1) Consolation money

Although it is found that the deceased was suffering from mental harm caused by Nonparty 2’s harassment, the deceased’s wrong conduct of suicide cannot be seen out, and even before joining the Defendant company, the deceased’s mental health and treatment could have been conducted even before entering the Defendant company and the quality of the deceased vulnerable to stress appears to have caused the instant accident. In addition, consolation money shall be determined as KRW 15 million, KRW 15 million, KRW 15 million, Plaintiff 2, and KRW 2.5 million, respectively, by taking into account all the circumstances shown in the argument in the instant case, including the deceased’s age, family relation, background of the occurrence of the accident, and other circumstances.

(ii) inheritance;

Plaintiff 1: 6,428,571 won (=the consolation money of the deceased 15 million won x 3/7)

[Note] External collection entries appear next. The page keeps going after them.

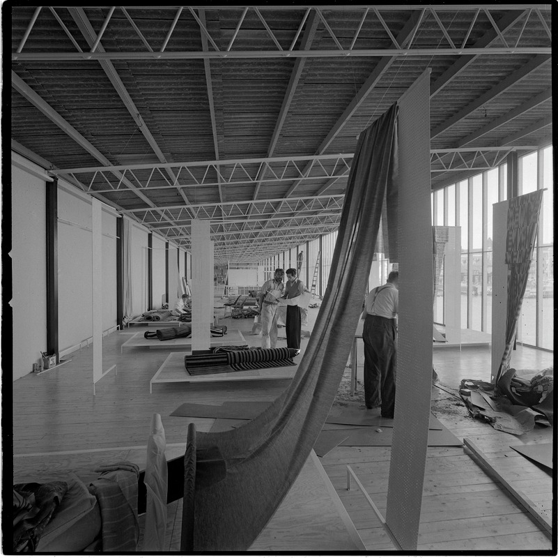 Bilden föreställer en stor öppen lokal som man håller på att inreda bland annat med trextilier.
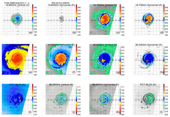 An example demonstration of hurricane Jimena MWRI TB in 30 Aug, 2015 produced from the FY-3B/MWRI TCsBT database for (a) 10.65 GHz vertical polarization, (b) 10.65 GHz horizontal polarization, (c) 18.70 GHz vertical polarization, (d) 18.70 GHz horizontal polarization, (e) 23.80 GHz vertical polarization, (f) 23.80 GHz horizontal polarization, (g) 36.50 GHz vertical polarization, (h) 36.50 GHz horizontal polarization, (i) PCT36.50 , (j) 89.00 GHz vertical polarization, (k) 89.00 GHz horizontal polarization, and (l) PCT89.00.
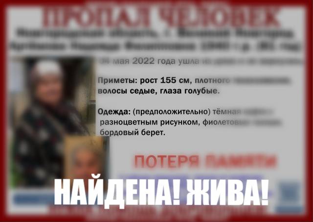 В результате пенсионерку в тот же день обнаружили волонтёры поисково-спасательного отряда «Феникс» на улице Морозовской в Великом Новгороде.
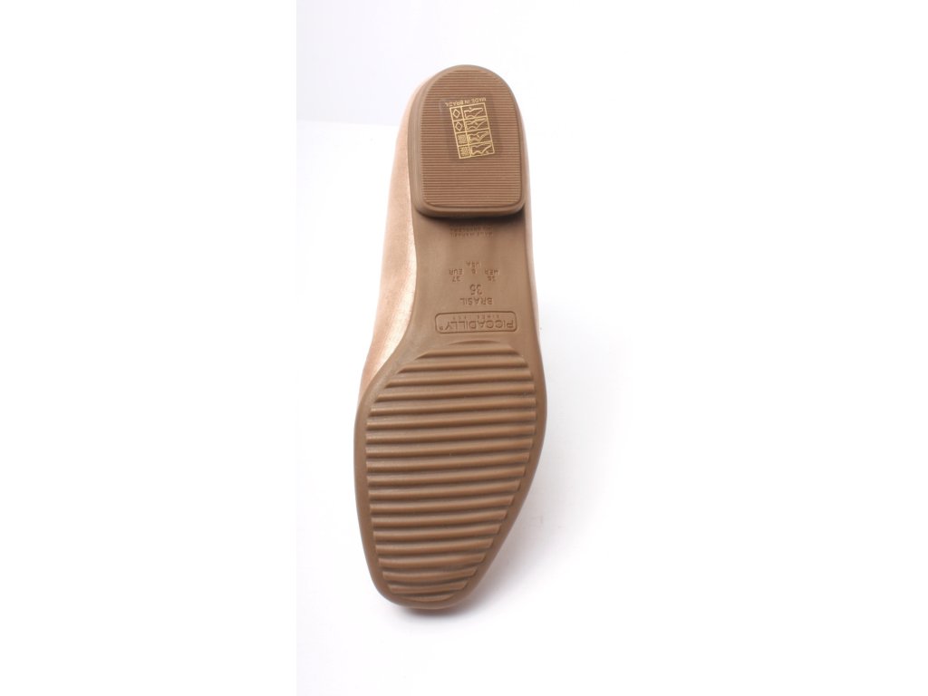 Dámská obuv brazilské značky Piccadilly je velmi luxusní a komfortní. Všechny modely této značky jsou vybaveny gelovými opatky, které chrání paty před otlaky. Modely na vysokých podpatcích mají anatomicky tvarované stélky a gelovou vložku zajišťující pohodlnou chůzi. Stélky jsou vyrobeny propracovaným systémem kanálků a drážek, které přivádějí vzduch po celé délce chodidla, rovnoměrně rozvádějí tlak na chodidlo a tlumí silné nárazy při došlapu, tím chrání klouby dolních končetin a páteř. Stélky jsou antibakteriální a antimikrobiální a zabraňují vznikání nepříjemných pachů. Obuv je vybavená gelovými opatky, a proto je nutné při obouvání používat lžíci na obuv.
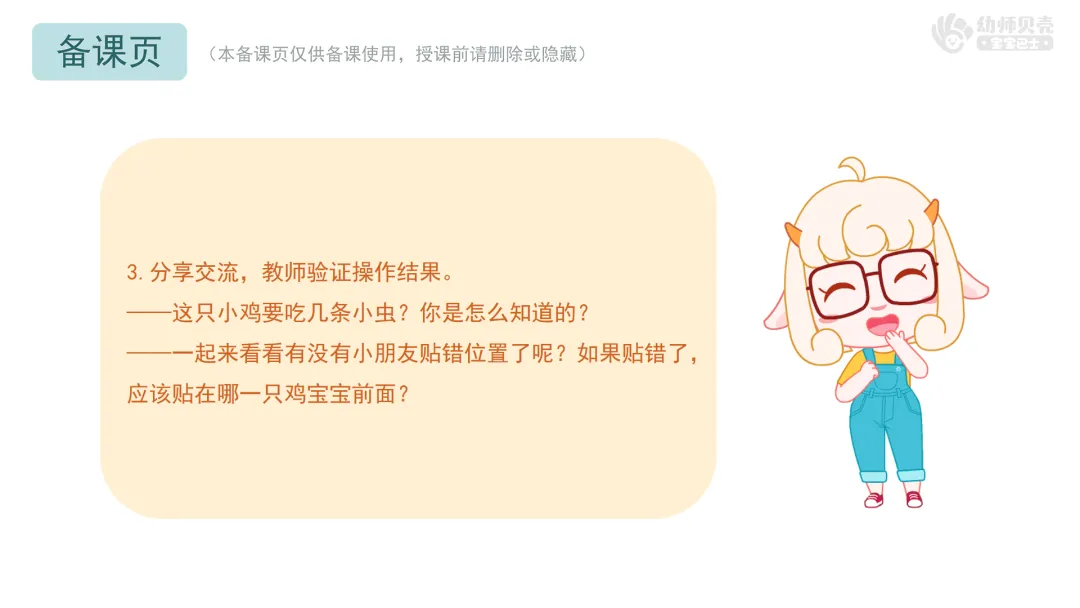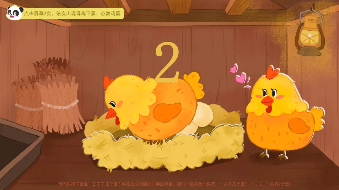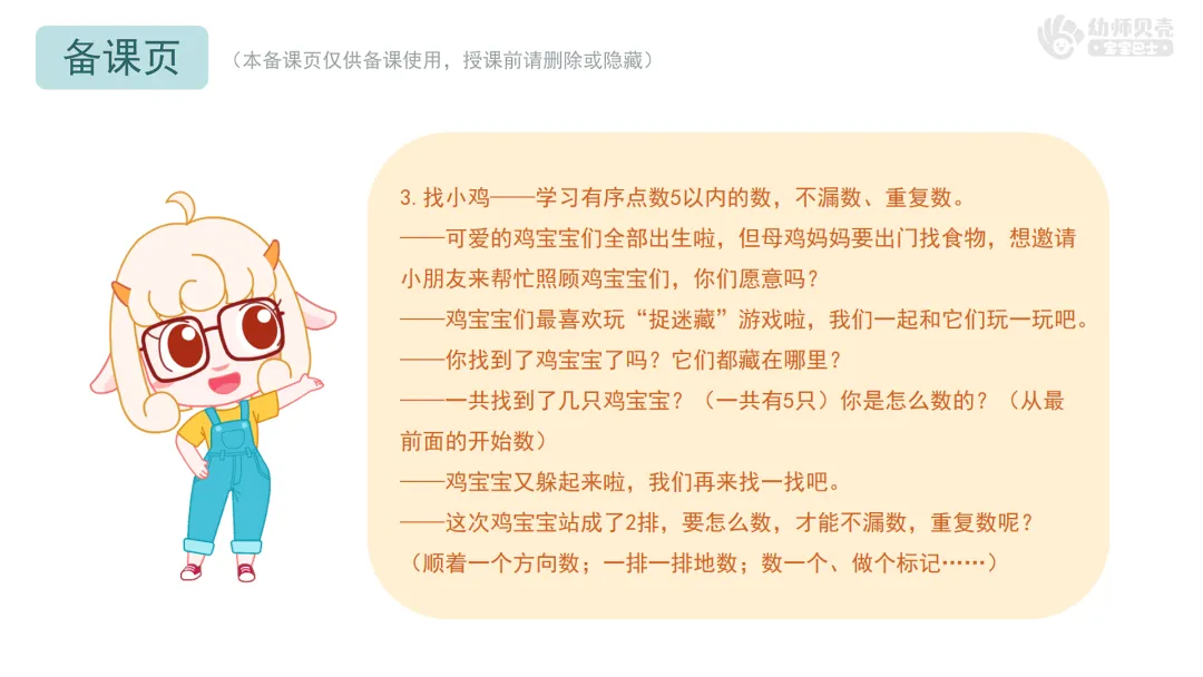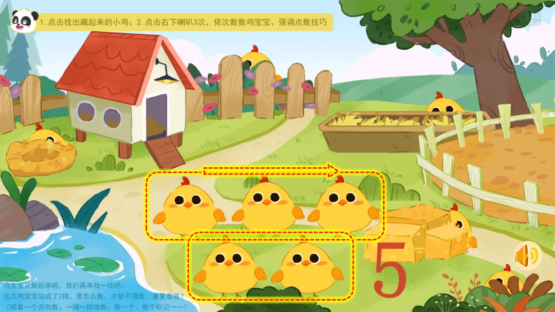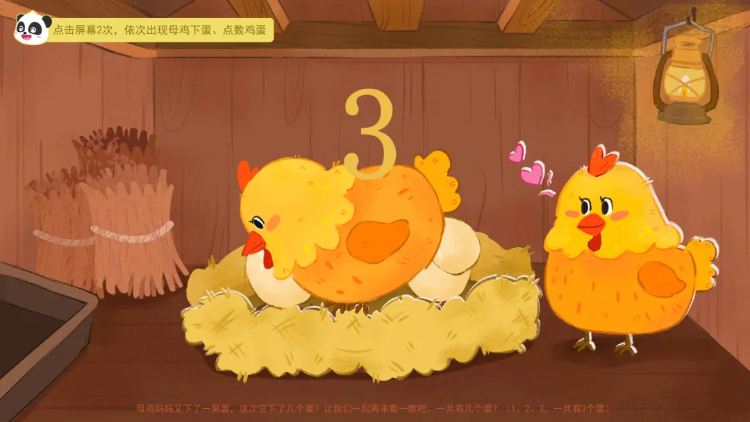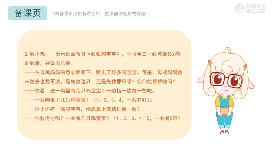 ——今天我们在农场里,通过数鸡蛋、找鸡宝宝、喂小鸡和挑糖果,学会了一边指一边数,掌握了5以内的点数。活动结束后,大家可以在家里、在幼儿园,找一找、数一数,看看哪里还有5以内的数量吧!
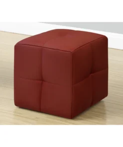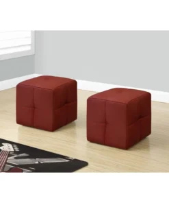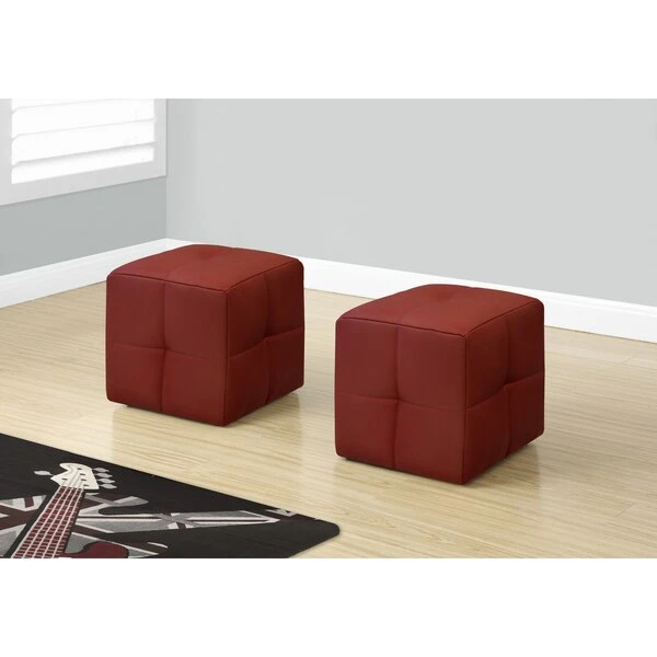 Kids love blocks, so they'll adore these cube-shaped poufs. Sold as a set of 2, these ottomans have a whimsical style that's perfect for a child's bedroom or playroom. The top and all 4 sides are padded and upholstered in a smooth, red leather-look fabric. Biscuit tufting creates a series of soft-to-the-touch squares for enhanced comfort. Versatile and lightweight, this pair of kids' ottomans is ideal as extra seats or footrests in a living room or bedroom and can be moved around as needed.. Set of 2 kids' ottomans in a fun cube shape and upholstered in a red leather-look fabric. Biscuit tufted and comfortably padded on all sides. Small poufs look like contemporary furniture for grownups but are sized specifically for children. No assembly required. Product dimensions: 12 inches L x 12 inches W x 12 inches H each
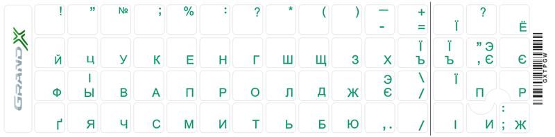 Наліпка на клавіатуру Grand-X Protection 60 keys Cyrillic Transparent/Green (GXTPGW)
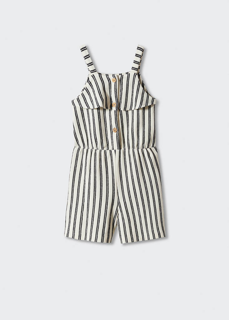 100 % Baumwolle. Streifenmuster. Kurzes Design. Breite Träger. Ärmellos. Knopfverschluss hinten
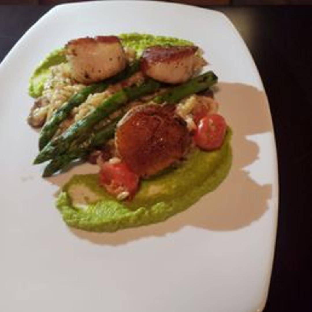 Perfectly pan-seared large sea scallops, boasting a beautiful golden-brown crust and a sweet, translucent interior. Renowned for their delicate texture and naturally sweet flavor, these oceanic gems are often presented with complementary sauces or fresh seasonal accompaniments that enhance their inherent elegance.
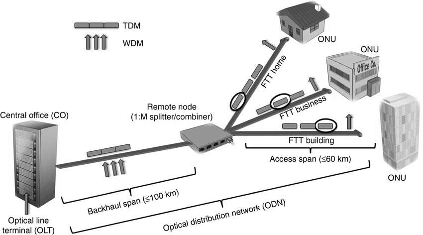 • It transmits data from the central site to the optical network terminal (ONT) or optical network unit (ONU) at the user end, and vice versa.
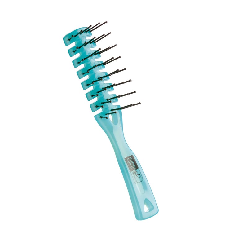 Questa spazzola a ventaglio in nylon Eurostil offre un'acconciatura delicata e morbida, curando la fibra capillare grazie al suo design imbottito e alle punte con piccole sfere che evitano strappi e danni. Ideale per tutti i tipi di capelli, combina materiali resistenti con una presa comoda che facilita la spazzolatura quotidiana.
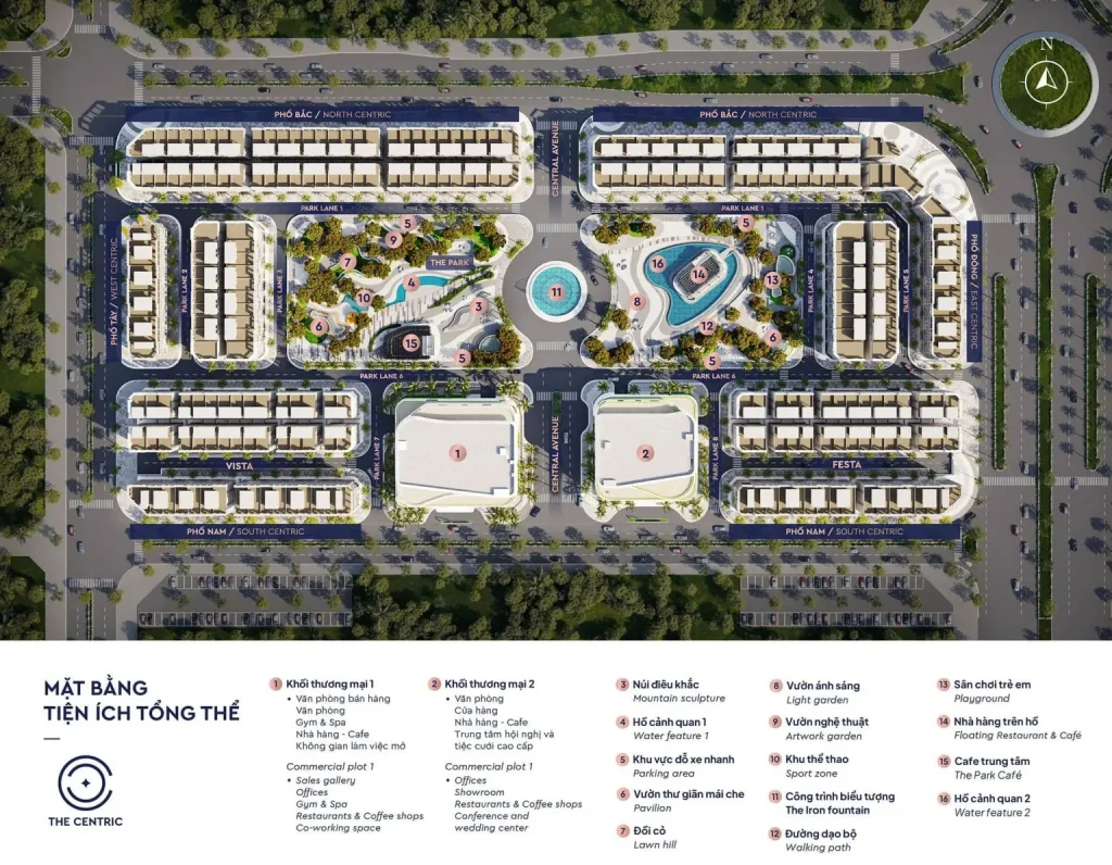 Dự án The Centric được chia làm 4 khu phố chính riêng biệt là Đông, Tây, Nam, Bắc với những nét đặc trưng riêng.
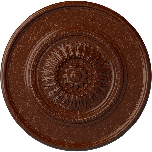 Large Floral Ceiling Medallion, Hand-Painted Burnished Mahogany Crackle, 41 1/8"OD x 2 1/2"P
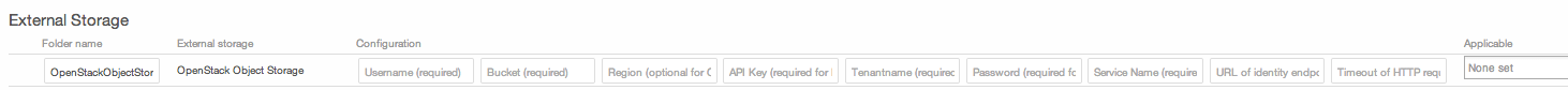 Step 2: We need to go to Admin page of the ownCloud installation and locate "External Storage" configuration area. We'll select "OpenStack Swift" from the drop down menu.
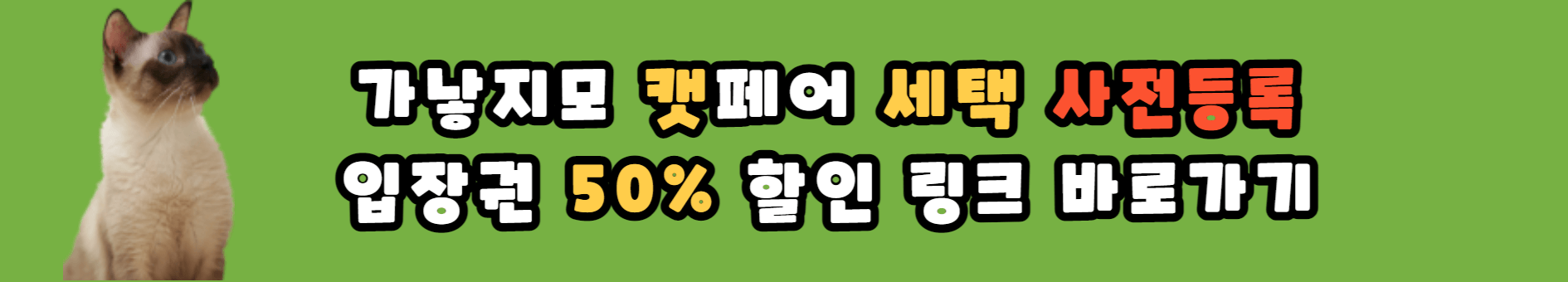 방문하실 분들은 사전예약은 필수인데요, 6월 1일(목)까지 가낳지모 캣페어 홈페이지에서 50% 이상 할인 된 금액으로 입장권 구매가 가능하오니 아래 이미지(배너)를 통해 서둘러 예약해 보시길 바라겠습니다!
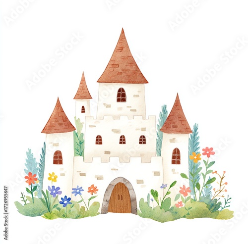 Enchanted Watercolor Castle nestled among lush green trees, a whimsical fairytale scene.
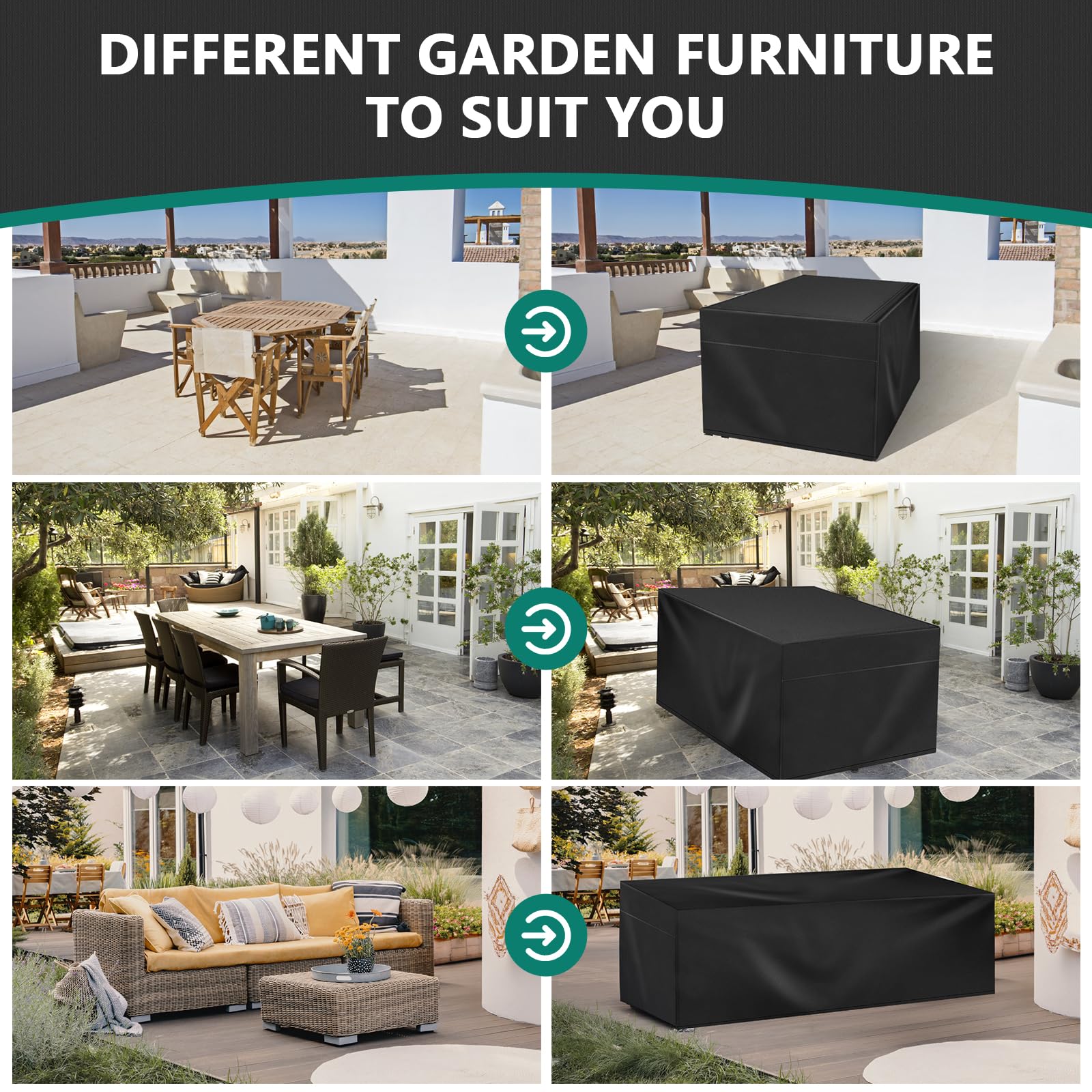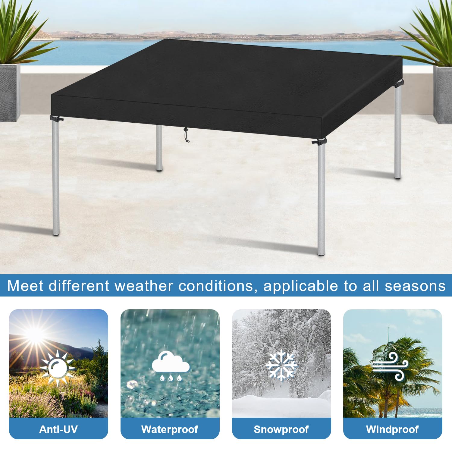 [Résistant aux intempéries] Fabriquées à partir de tissu Oxford robuste, ces housses protègent vos meubles de la pluie, de la neige et des rayons UV nocifs, de la décoloration et de l'usure au fil du temps. Housses de mobilier de jardin imperméables, tissu Oxford 420D, résistantes aux intempéries, aux UV et aux déchirures, pour tables et chaises (200 x 160 x 70 cm * Protection ferme contre les intempéries : fabriquée à partir de tissu Oxford robuste, cette housse offre une protection exceptionnelle contre les conditions météorologiques difficiles telles que la pluie, la neige et les rayons UV, protégeant vos meubles de la décoloration et de l'usure au fil du temps. Facile à nettoyer : le matériau imperméable facilite l'entretien ; il suffit de rincer à l'eau et de laisser sécher au soleil pour garder vos housses comme neuves. Respirante et résistante aux déchirures : conçue pour la durabilité, cette housse est à la fois respirante pour éviter l'accumulation d'humidité et résistante aux déchirures pour résister aux rigueurs des environnements extérieurs. Design coupe-vent sécurisé : avec une corde réglable à l'ourlet inférieur, ces housses restent fermement en place par temps venteux, vos meubles d'extérieur restent protégés même par temps difficile. Caractéristiques : * Nom du produit : housse de meubles de cour quatre pièces. Housse Imperméable 420D Housse De Protection Pour îlot De Jardin - Imperméable, Résistante UV Et Intempéries - Tissu Oxford 420D - Noir (230x90x50 Cm) Housse Ajustable Cordon Serrage Protection complète des meubles : cet ensemble de housses de meubles de quatre pièces comprend 1 housse de canapé, 2 housses de chaise à accoudoirs et 1 ensemble de table basse, une protection complète pour vos meubles d'extérieur contre les éléments. * Design coupe-vent : avec une corde réglable à l'ourlet inférieur, cette housse est conçue pour rester en place en toute sécurité par temps venteux, vos meubles d'extérieur restent protégés même par temps difficile. Compatibilité : cour, jardins, *Nombre de pièces : 4., Contenu de l'emballage : 1 housse de canapé., 2 housses pour accoudoirs. La texture du tissu donne un aspect haut de gamme et garantit une protection longue durée contre le mauvais temps. Idéale pour l'extérieur, elle résiste à l'usure quotidienne et protège ton mobilier contre les aléas climatiques Protection Table Housse De Protection Pour Meubles De Jardin Protection Pour Meubles De Jardin Tissu Oxford Impermeable Bache De Protection Uv Avec Cordon Et Serrure Noir 315x160x74cm 210d 84440106 Table De Jardin 1 table basse : 99 x 50 x 35 cm., Couleur : voir photo.

Plaintiff 2 and Plaintiff 3: Each KRW 4,285,714 (=the consolation money of the Deceased KRW 15 million x 2/7)

4. Conclusion

Therefore, the defendant company is obligated to pay damages for delay calculated at each rate of 15% per annum under the Civil Act from November 7, 2014 to March 10, 2017, which is the date of this decision where it is deemed reasonable to dispute the existence and scope of the obligation of the defendant company to pay to the plaintiff 1 (i.e., inheritance consolation money of KRW 6,428,571 + KRW 5 million per annum under the Act on Special Cases Concerning the Promotion, etc. of Legal Proceedings, etc. from the next day to the date of full payment). The plaintiffs' claims are justified within the scope of recognition, and they accept them within the scope of recognition, and the remainder of them are dismissed as there is no ground.

Judges Seo-wing

1) As to the above non-party 2 who was the co-defendant of the instant lawsuit, a compulsory adjustment decision was rendered to the effect that “the non-party 2 paid KRW 25 million to Plaintiff 1” was affirmed.